To absorb the current rate of foreclosed and distressed homes plaguing most markets, a more normal rate of household formation is critical, according to the report. However, household growth partially has stalled as young adults have delayed home ownership and immigration has slowed.
As such, in recent years, builders have drastically cut production of new homes.
"With inventories of new homes at historic lows, a turnaround in demand could quickly result in tighter markets," the report notes. "Over the longer term, the number of younger households is set to rise sharply, supporting growth in the population that fuels growth in both new renters and first-time buyers. The path of the economy and evolution of the mortgage market will determine when and if this increased demand materializes."
The report predicts a need for greater housing units for several reasons. For example, the report projects demand for 1 million new homes a year is needed to meet population growth in the coming decade.

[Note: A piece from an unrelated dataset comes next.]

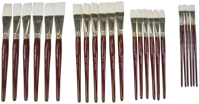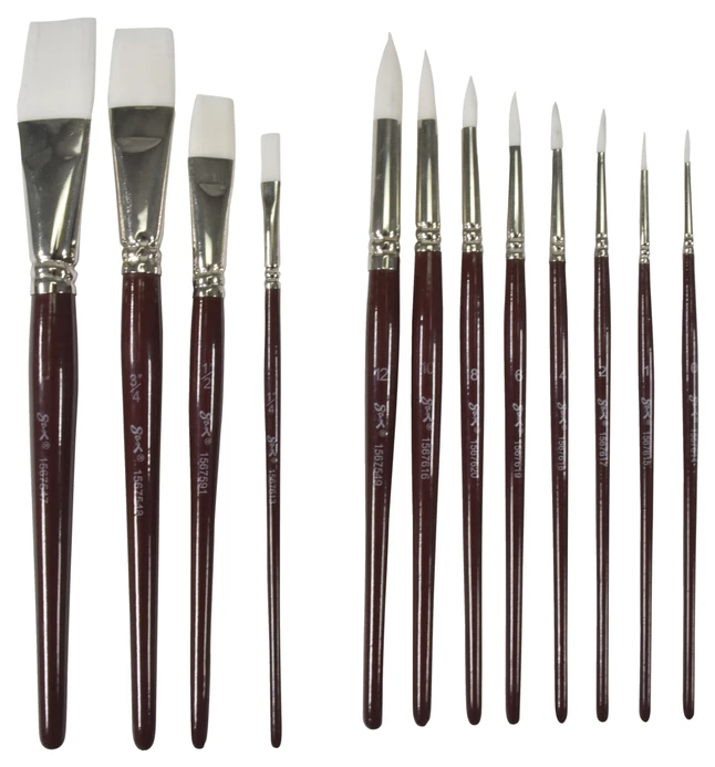 Includes 6 of Each: Round Brushes – 0, 1, 2, 4, 6, 8, 10, and 12 Flat Brushes – 1/4, 1/2, 3/4, and 1 Inch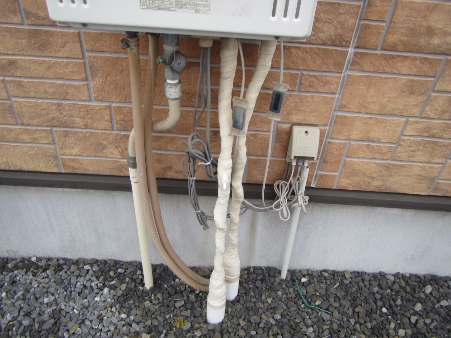 凍結防止ヒーターの件:以前は地面に直接置いてあったのが、結束バンドできちんとやってもらった。

The report also predicts a surge in smaller homes, estimating that 3.8 million baby boomers will be looking to downsize their homes within the next decade. Also in adding to the increase in housing units needed, Immigration growth, the need to replace existing homes, and demand for second homes will contribute to rising demand, the report notes. Therefore, researchers conclude at least 16 million new housing units will be needed over the next decade.